> _WHAT IS REQUIRED_
Reproduce the data that follows character for character, but omit its pictures.

** Opening AVAILABLE RECORDS block **

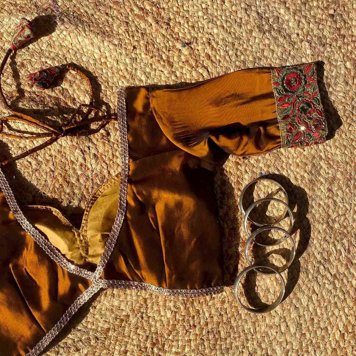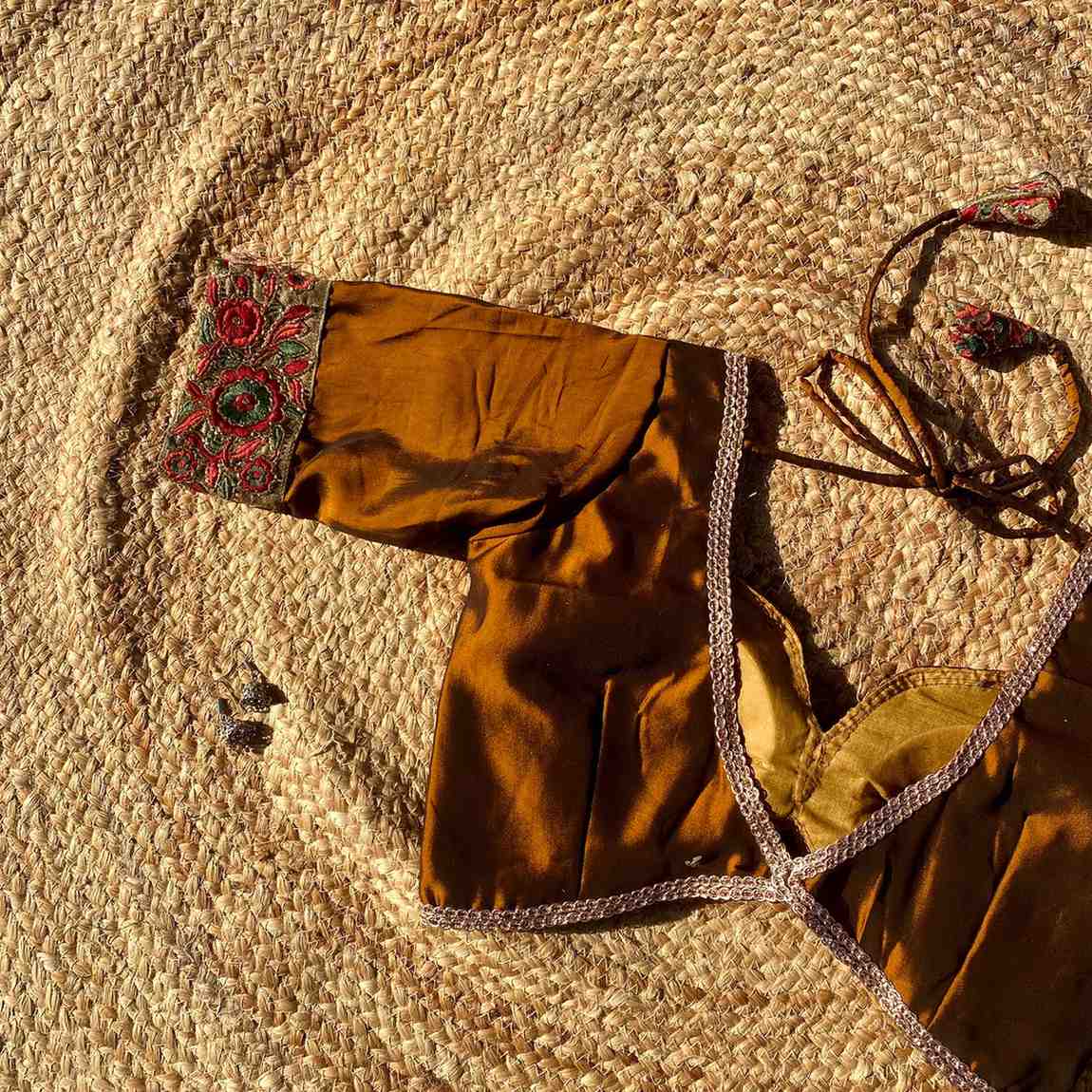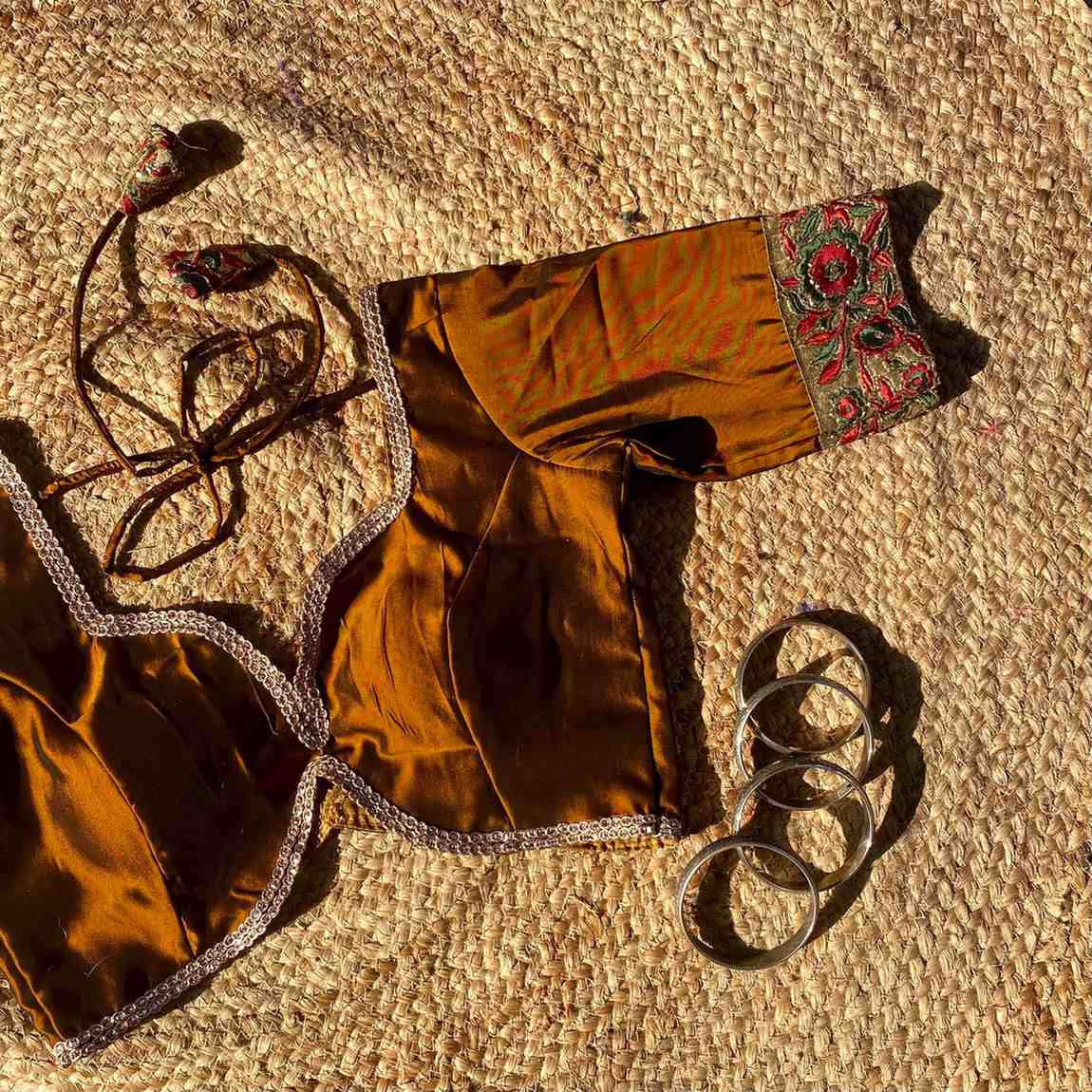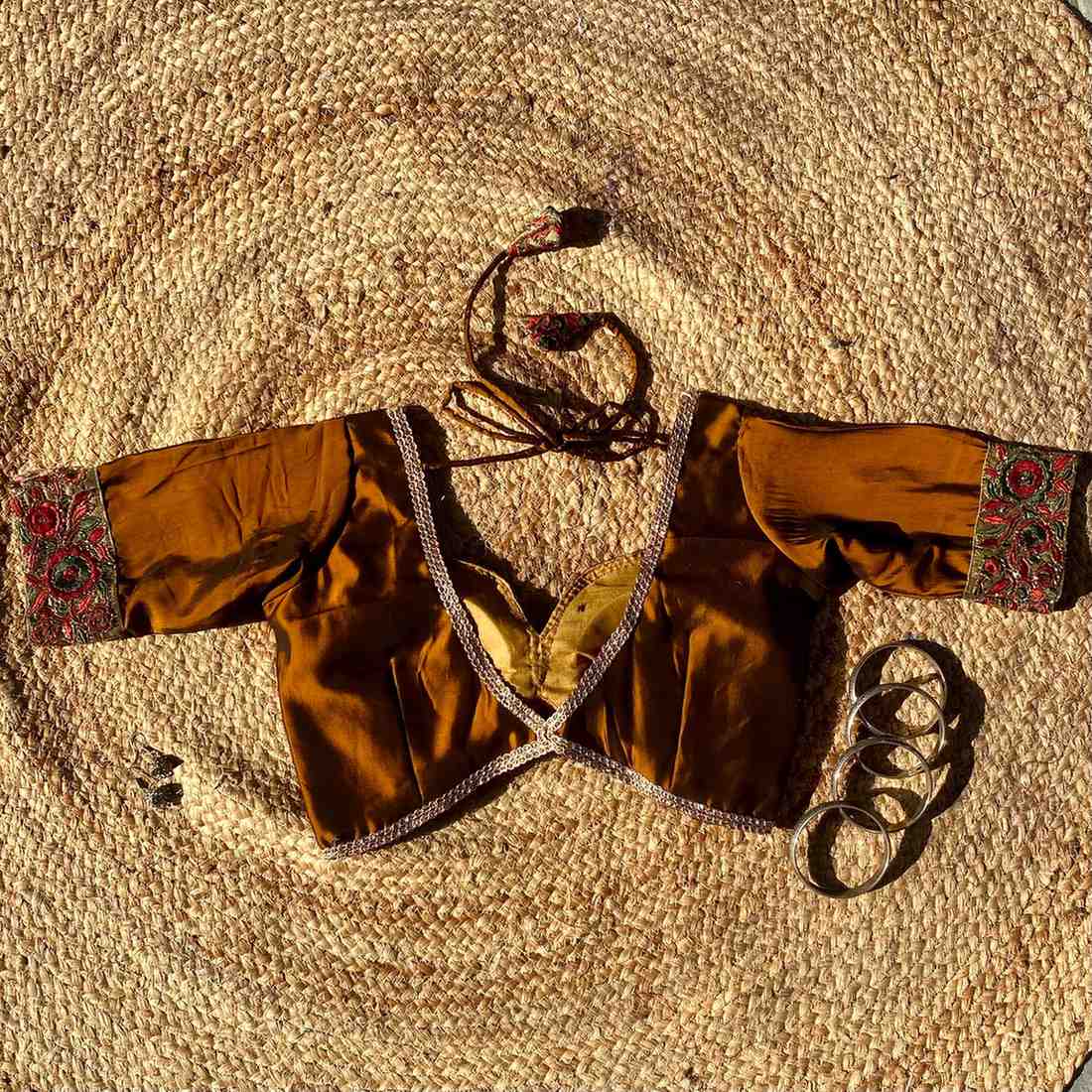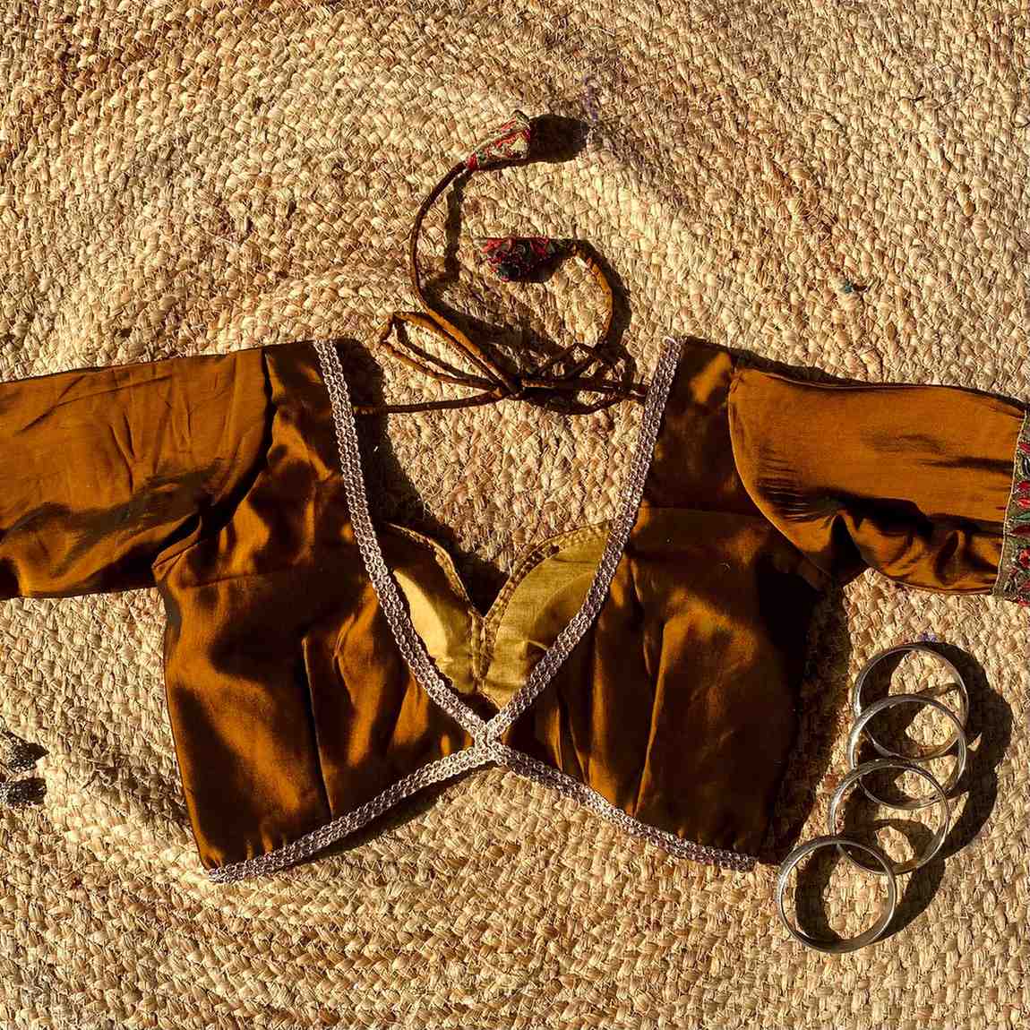 Metallic Brown Deep V Neck Silk Border Sleeves Blouse- Fal3350
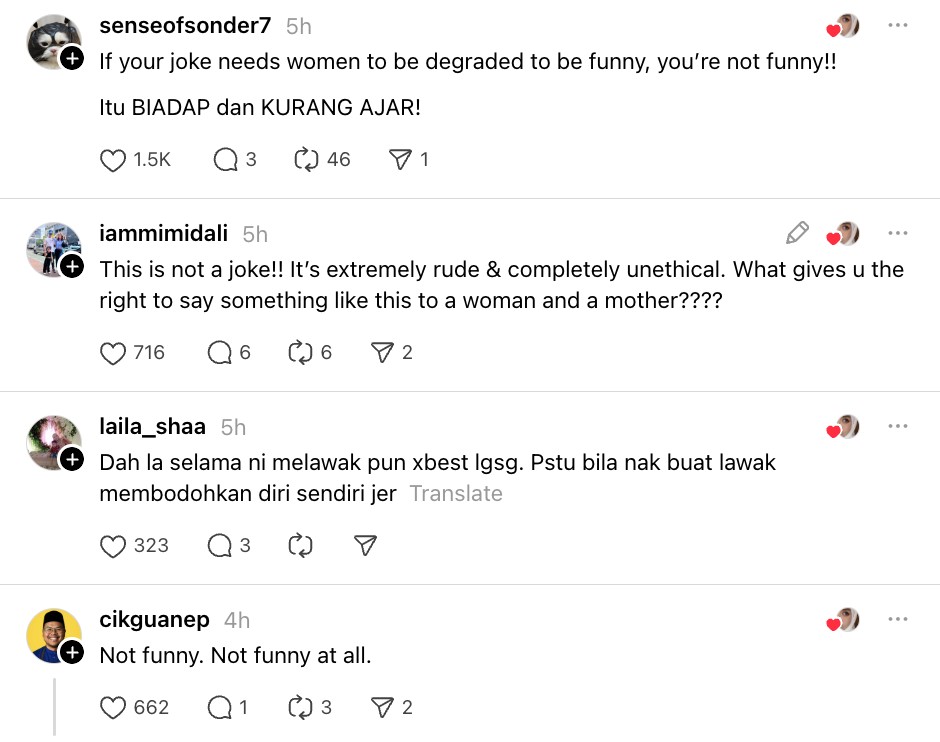 Susulan kenyataan itu, ramai netizen tampil mengecam dan menyifatkan gurauan tersebut sebagai tidak wajar, tidak sensitif serta mencemarkan maruah seorang wanita.
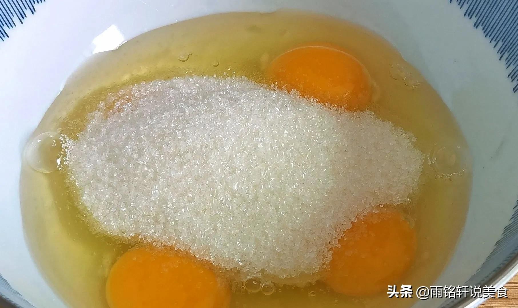 第一步:准备一个干净的大碗,碗中打入4个鸡蛋,倒入80克白糖,不喜欢吃甜的适量的减少,用打蛋器顺着一个方向把鸡蛋打发,最好用电动打蛋器省时又省力。
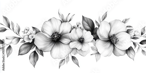 Elegant black and white floral arrangement featuring blooming flowers and delicate leaves in a serene and artistic style
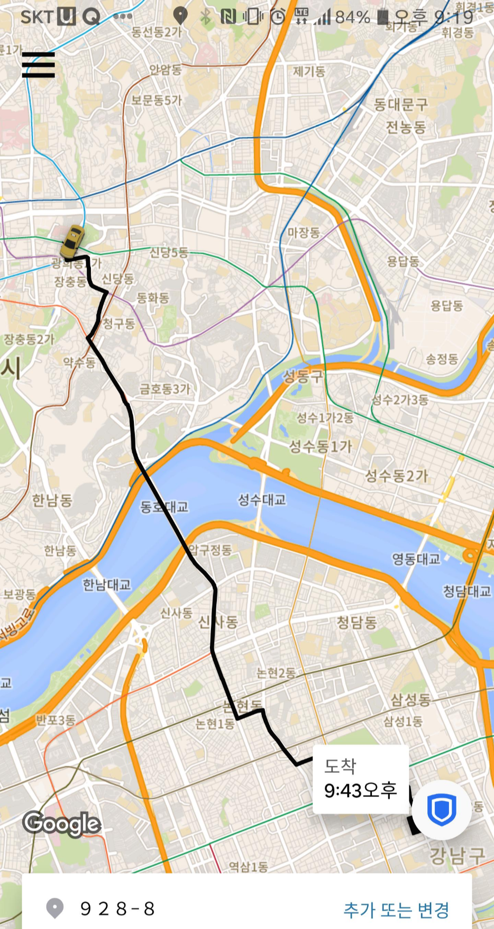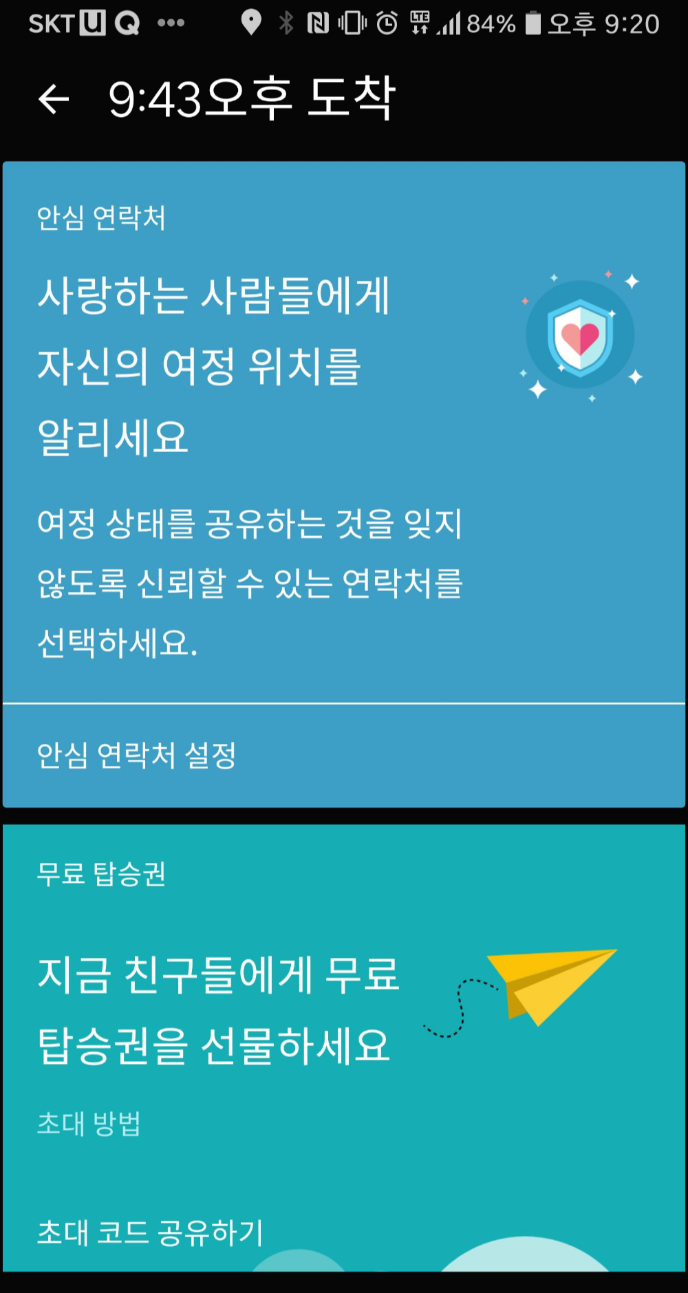 택시를 탄 후에 자신의 위치 및 여정을 공유할 수 있었어요.

** Closing AVAILABLE RECORDS block **

> _WRITTEN REPLY_
 Metallic Brown Deep V Neck Silk Border Sleeves Blouse- Fal3350
 Susulan kenyataan itu, ramai netizen tampil mengecam dan menyifatkan gurauan tersebut sebagai tidak wajar, tidak sensitif serta mencemarkan maruah seorang wanita.
 第一步:准备一个干净的大碗,碗中打入4个鸡蛋,倒入80克白糖,不喜欢吃甜的适量的减少,用打蛋器顺着一个方向把鸡蛋打发,最好用电动打蛋器省时又省力。
 Elegant black and white floral arrangement featuring blooming flowers and delicate leaves in a serene and artistic style
 택시를 탄 후에 자신의 위치 및 여정을 공유할 수 있었어요.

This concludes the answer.